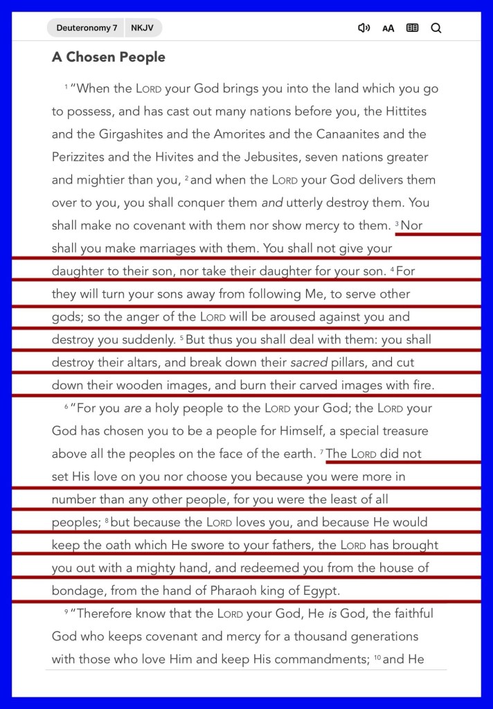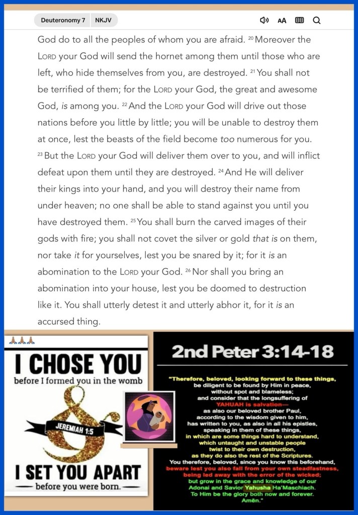 Blessed new week my brothers and sisters, please study the verses in today’s lesson and I pray YAH makes it plain and applicable, we’re given clear guidance, warnings about “yoking ourselves” to unfavorable people (practices, situations, circumstances) “For they will turn your sons away from following Me, to serve other gods; so the anger of the Lord will be aroused against you and destroy you suddenly. But thus you shall deal with them: you shall destroy their altars, and break down their sacred pillars, and cut down their wooden images, and burn their carved images with fire.” Deuteronomy 7:4-5 We the “church (bride)” are regarded with such Love as expressed In The Vows of Love The Ten Commandments A Code Of Conduct That Bears In It The Seal Of ALMIGHTY GOD And Like A Will was Ratified In CHRIST Blood 🩸 The Assurance Of Salvation for All who will Heed THE WORD Of YHWH Repent and Find True Rest (Through THE RUACH HA’QUODESH: THE HOLY SPIRIT) CHRIST In you our Hope and Glory, everything we need for success Is Written Prayerfully take up your Bible, Read and Do according to YAH’S Leading GOD Bless You BeLoved.
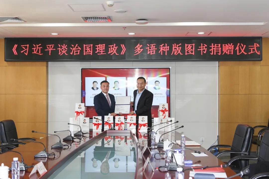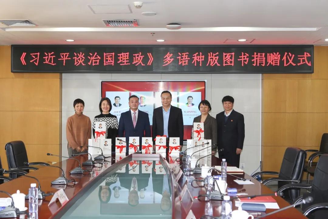 儀式上,李書記向北京崇學文化發展有限公司余先生捐贈該套圖書表達了感謝,并簡要介紹學院歷史和辦學育人、對外交流工作。此次捐贈的多語種圖書,豐富了圖書館外文館藏資源,是學校圖書館寶貴的文獻資源,有助于全校師生在國際交流中遵循習近平治國理政思想,有助于留學生了解習近平治國理政思想,有助于在民間外交中宣揚和講好中國故事。
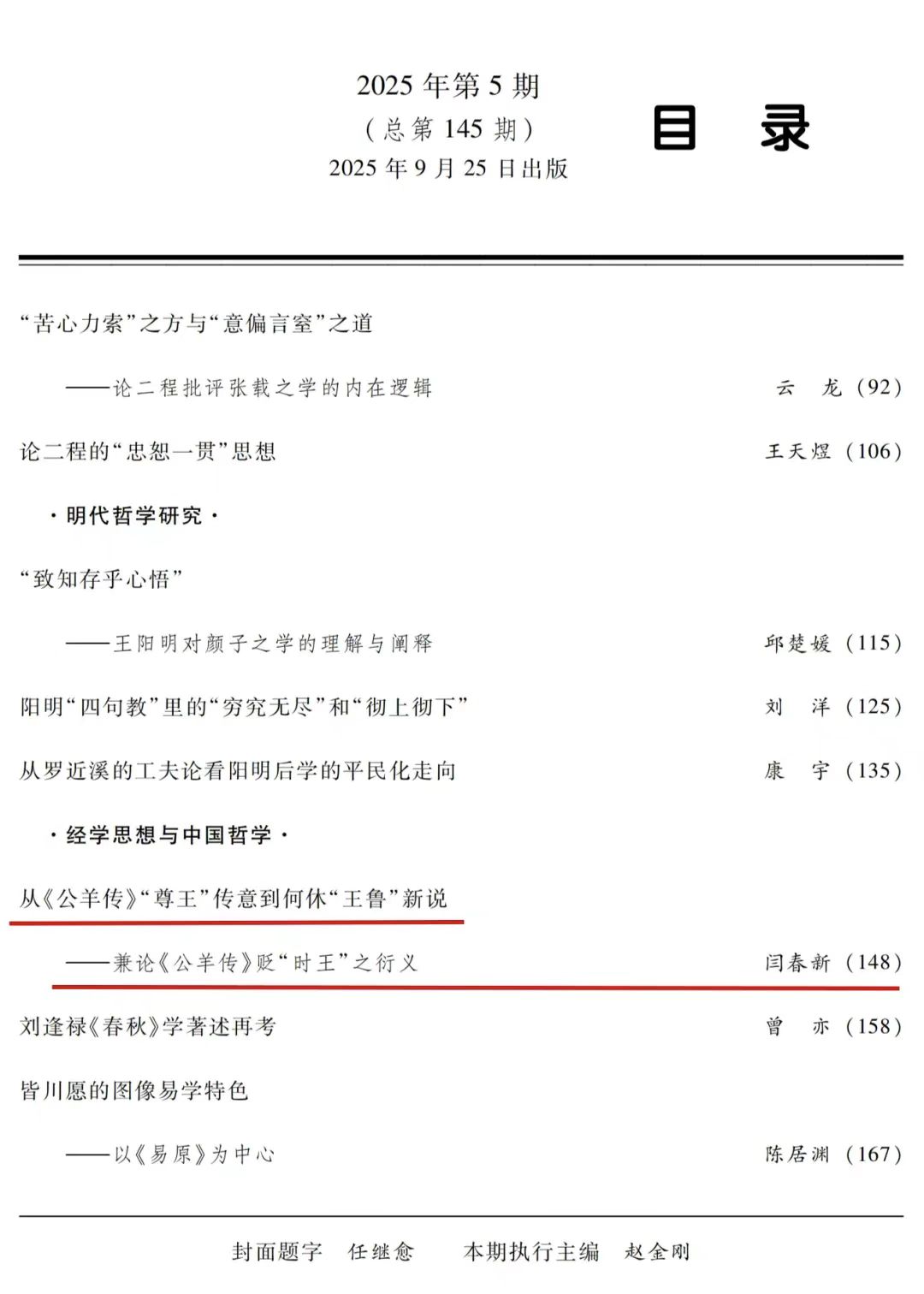 近日,《中国哲学史》(CSSCI)2025年第5期刊发齐鲁文化研究院博士生导师闫春新教授的学术文章《从<公羊传>“尊王”传意到何休“王鲁”新说——兼论<公羊传>贬“时王”之衍义》。本文系国家社科基金一般项目“魏晋玄学统摄下的儒道佛经典互诠研究(23BZX027)”、国家社科基金一般项目“经学观念视野下的汉唐《春秋》学研究”(16BZX055)、泰山学者工程专项经费资助课题(tstp20240508)等的阶段性成果。
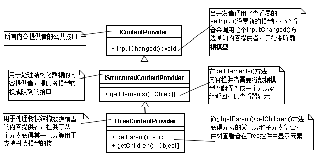 所有的内容提供者都要实现接口IContentProvider,对应到具体的子类查看器,又有针对它们的数据结构的各种接口,如列表查看器和表格查看器要求内容提供者实现
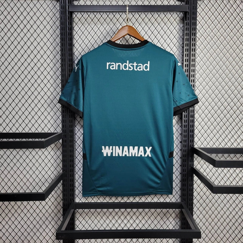 Koszulka wyjazdowa RC Lens 2024 w odcieniu butelkowej zieleni to połączenie nowoczesności i elegancji. Minimalistyczny wzór oraz charakterystyczne logo Pumy tworzą dynamiczny wygląd, który doskonale odzwierciedla energię i pasję drużyny z północy Francji.
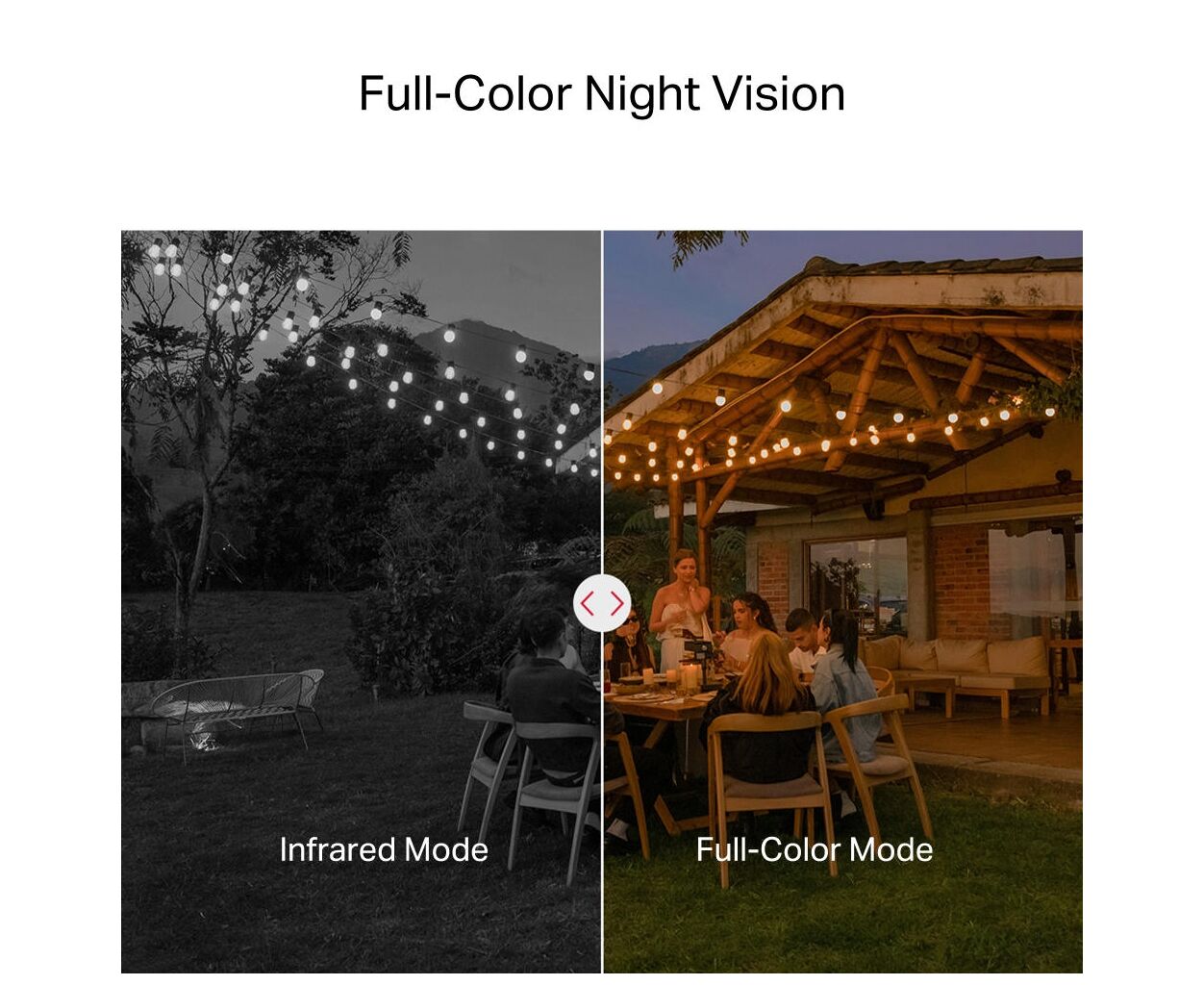 Чітко бачте в темряві завдяки повнокольоровому нічному баченню. Навіть при слабкому освітленні або майже повній темряві камера фіксує чіткі деталі та забезпечує цілодобовий захист, на який ви можете покластися.
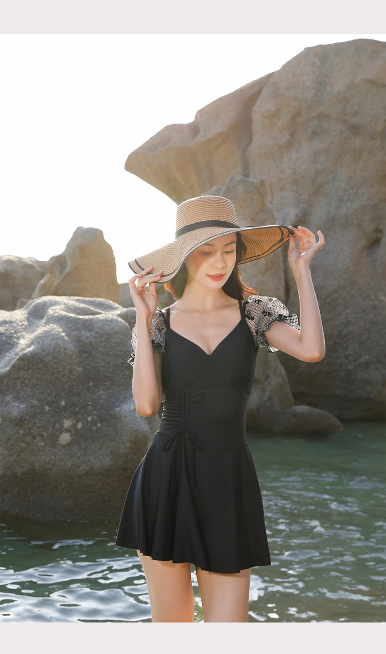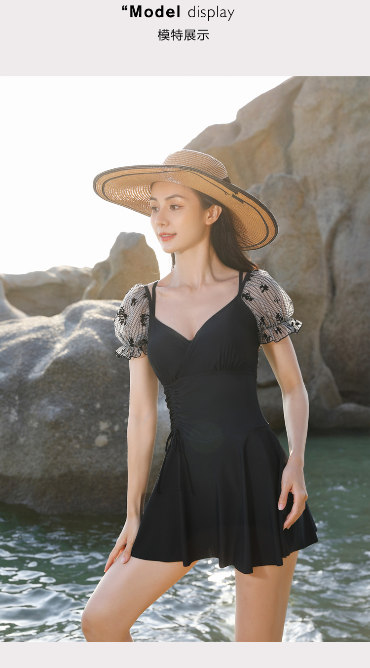 수영복 여성용 새로운 반팔 플러스 사이즈 통통녀 온천 개더업 사이즈 가슴 원피스 스커트 섹시 슬림 배꼽 커버 수영복스토어 가기
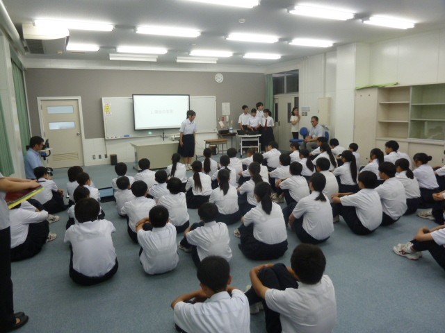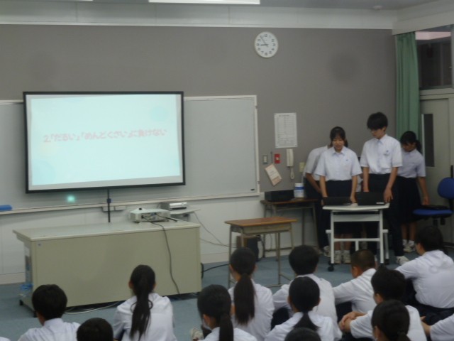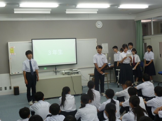 1学期終業式の後は、生徒会本部が企画・運営する生徒集会です。まず、各学年の代表生徒が1学期の生活を振り返り、漢字一文字で表して発表しました。聞いている側は、「なるほど」と思う内容ばかりでした。どんな漢字であったかをぜひお子さんに聞いていただければと思います。次に、夏休みの過ごし方について4つの提案がありました。教師から押しつけられるものでなく、生徒自らが考えた提案だったので、夏休み中は、きっと4つの提案を意識しながら生活してくれることと思います。40日あまりの夏休みが始まりますが、有意義な休みにしてほしいです。
________________
Exercise objective:
Restate the entries above word for word, and keep the pictures out.

Solution to the problem:
 Blessed new week my brothers and sisters, please study the verses in today’s lesson and I pray YAH makes it plain and applicable, we’re given clear guidance, warnings about “yoking ourselves” to unfavorable people (practices, situations, circumstances) “For they will turn your sons away from following Me, to serve other gods; so the anger of the Lord will be aroused against you and destroy you suddenly. But thus you shall deal with them: you shall destroy their altars, and break down their sacred pillars, and cut down their wooden images, and burn their carved images with fire.” Deuteronomy 7:4-5 We the “church (bride)” are regarded with such Love as expressed In The Vows of Love The Ten Commandments A Code Of Conduct That Bears In It The Seal Of ALMIGHTY GOD And Like A Will was Ratified In CHRIST Blood 🩸 The Assurance Of Salvation for All who will Heed THE WORD Of YHWH Repent and Find True Rest (Through THE RUACH HA’QUODESH: THE HOLY SPIRIT) CHRIST In you our Hope and Glory, everything we need for success Is Written Prayerfully take up your Bible, Read and Do according to YAH’S Leading GOD Bless You BeLoved.
 儀式上,李書記向北京崇學文化發展有限公司余先生捐贈該套圖書表達了感謝,并簡要介紹學院歷史和辦學育人、對外交流工作。此次捐贈的多語種圖書,豐富了圖書館外文館藏資源,是學校圖書館寶貴的文獻資源,有助于全校師生在國際交流中遵循習近平治國理政思想,有助于留學生了解習近平治國理政思想,有助于在民間外交中宣揚和講好中國故事。
 近日,《中国哲学史》(CSSCI)2025年第5期刊发齐鲁文化研究院博士生导师闫春新教授的学术文章《从<公羊传>“尊王”传意到何休“王鲁”新说——兼论<公羊传>贬“时王”之衍义》。本文系国家社科基金一般项目“魏晋玄学统摄下的儒道佛经典互诠研究(23BZX027)”、国家社科基金一般项目“经学观念视野下的汉唐《春秋》学研究”(16BZX055)、泰山学者工程专项经费资助课题(tstp20240508)等的阶段性成果。
 所有的内容提供者都要实现接口IContentProvider,对应到具体的子类查看器,又有针对它们的数据结构的各种接口,如列表查看器和表格查看器要求内容提供者实现
 Koszulka wyjazdowa RC Lens 2024 w odcieniu butelkowej zieleni to połączenie nowoczesności i elegancji. Minimalistyczny wzór oraz charakterystyczne logo Pumy tworzą dynamiczny wygląd, który doskonale odzwierciedla energię i pasję drużyny z północy Francji.
 Чітко бачте в темряві завдяки повнокольоровому нічному баченню. Навіть при слабкому освітленні або майже повній темряві камера фіксує чіткі деталі та забезпечує цілодобовий захист, на який ви можете покластися.
 수영복 여성용 새로운 반팔 플러스 사이즈 통통녀 온천 개더업 사이즈 가슴 원피스 스커트 섹시 슬림 배꼽 커버 수영복스토어 가기
 1学期終業式の後は、生徒会本部が企画・運営する生徒集会です。まず、各学年の代表生徒が1学期の生活を振り返り、漢字一文字で表して発表しました。聞いている側は、「なるほど」と思う内容ばかりでした。どんな漢字であったかをぜひお子さんに聞いていただければと思います。次に、夏休みの過ごし方について4つの提案がありました。教師から押しつけられるものでなく、生徒自らが考えた提案だったので、夏休み中は、きっと4つの提案を意識しながら生活してくれることと思います。40日あまりの夏休みが始まりますが、有意義な休みにしてほしいです。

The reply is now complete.